What the task requires: Without the pictures, write out all the lines below exactly as they appear.

Recorded information:
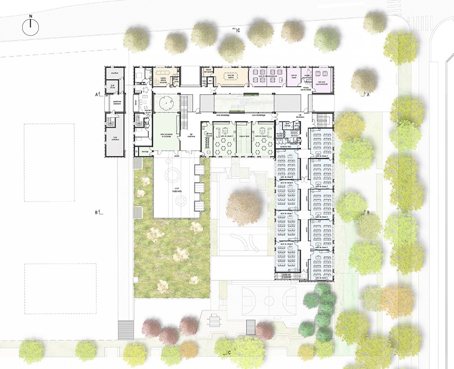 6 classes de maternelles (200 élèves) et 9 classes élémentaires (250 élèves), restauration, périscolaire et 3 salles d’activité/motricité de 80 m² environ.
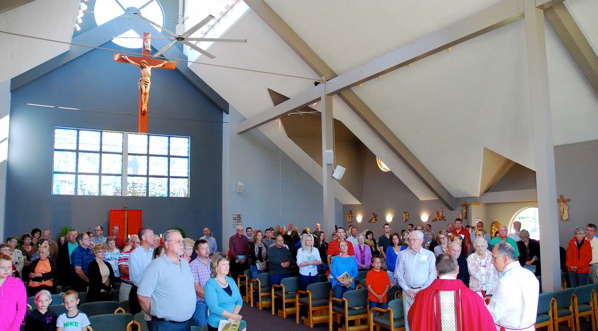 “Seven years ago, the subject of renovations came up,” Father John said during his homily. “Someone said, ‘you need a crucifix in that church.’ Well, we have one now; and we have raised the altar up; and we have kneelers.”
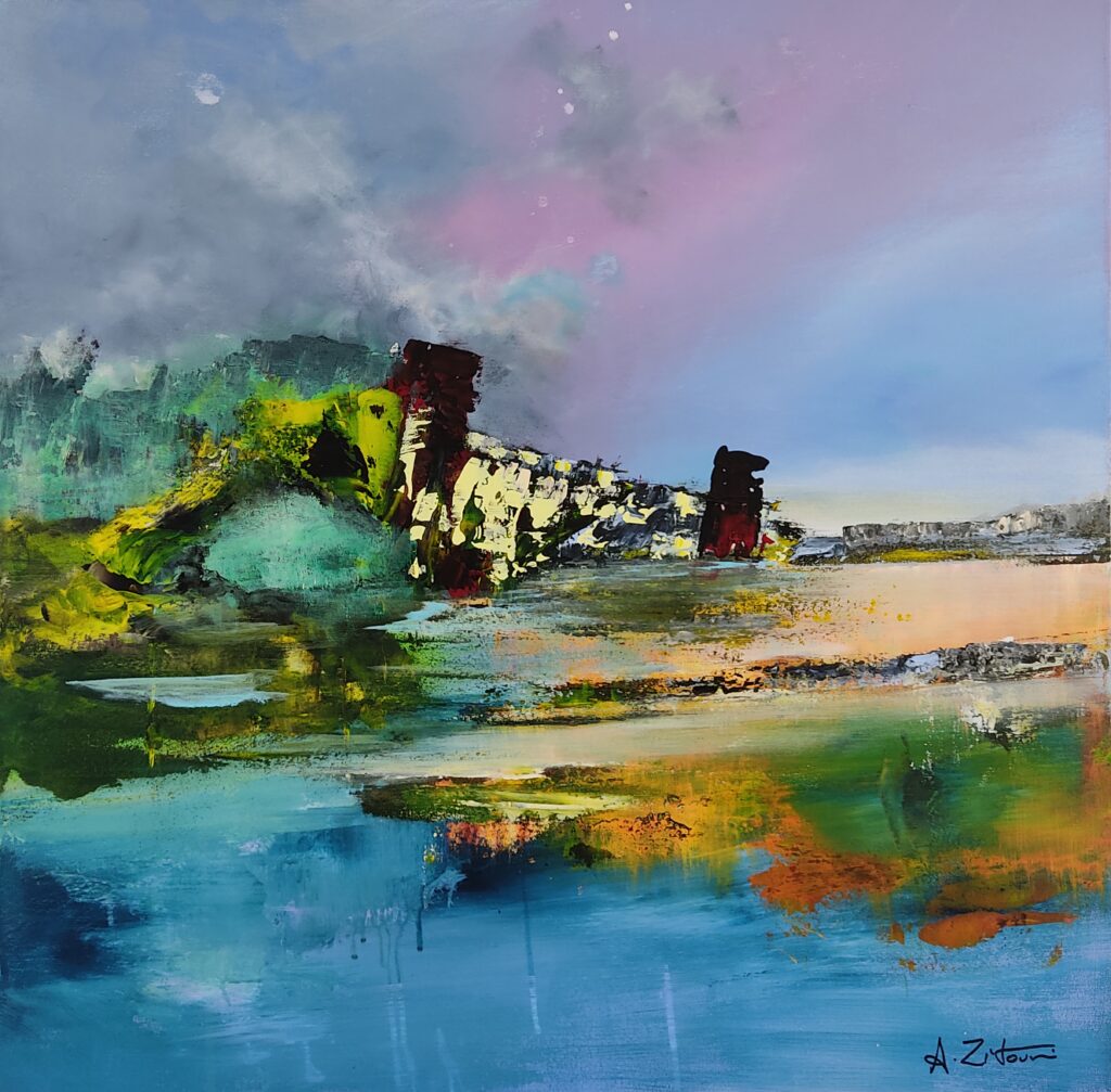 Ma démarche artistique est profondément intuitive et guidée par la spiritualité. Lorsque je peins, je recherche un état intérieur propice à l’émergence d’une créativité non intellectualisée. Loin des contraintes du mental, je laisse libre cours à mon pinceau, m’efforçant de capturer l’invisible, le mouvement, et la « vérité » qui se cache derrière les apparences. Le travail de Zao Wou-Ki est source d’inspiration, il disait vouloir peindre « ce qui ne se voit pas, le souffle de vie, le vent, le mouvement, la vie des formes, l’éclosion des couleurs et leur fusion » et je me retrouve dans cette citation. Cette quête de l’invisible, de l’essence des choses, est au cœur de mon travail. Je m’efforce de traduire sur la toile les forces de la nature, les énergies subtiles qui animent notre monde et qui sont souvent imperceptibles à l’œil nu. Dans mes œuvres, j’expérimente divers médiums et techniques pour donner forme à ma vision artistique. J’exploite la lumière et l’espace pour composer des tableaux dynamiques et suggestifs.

Written answer:
 6 classes de maternelles (200 élèves) et 9 classes élémentaires (250 élèves), restauration, périscolaire et 3 salles d’activité/motricité de 80 m² environ.
 “Seven years ago, the subject of renovations came up,” Father John said during his homily. “Someone said, ‘you need a crucifix in that church.’ Well, we have one now; and we have raised the altar up; and we have kneelers.”
 Ma démarche artistique est profondément intuitive et guidée par la spiritualité. Lorsque je peins, je recherche un état intérieur propice à l’émergence d’une créativité non intellectualisée. Loin des contraintes du mental, je laisse libre cours à mon pinceau, m’efforçant de capturer l’invisible, le mouvement, et la « vérité » qui se cache derrière les apparences. Le travail de Zao Wou-Ki est source d’inspiration, il disait vouloir peindre « ce qui ne se voit pas, le souffle de vie, le vent, le mouvement, la vie des formes, l’éclosion des couleurs et leur fusion » et je me retrouve dans cette citation. Cette quête de l’invisible, de l’essence des choses, est au cœur de mon travail. Je m’efforce de traduire sur la toile les forces de la nature, les énergies subtiles qui animent notre monde et qui sont souvent imperceptibles à l’œil nu. Dans mes œuvres, j’expérimente divers médiums et techniques pour donner forme à ma vision artistique. J’exploite la lumière et l’espace pour composer des tableaux dynamiques et suggestifs.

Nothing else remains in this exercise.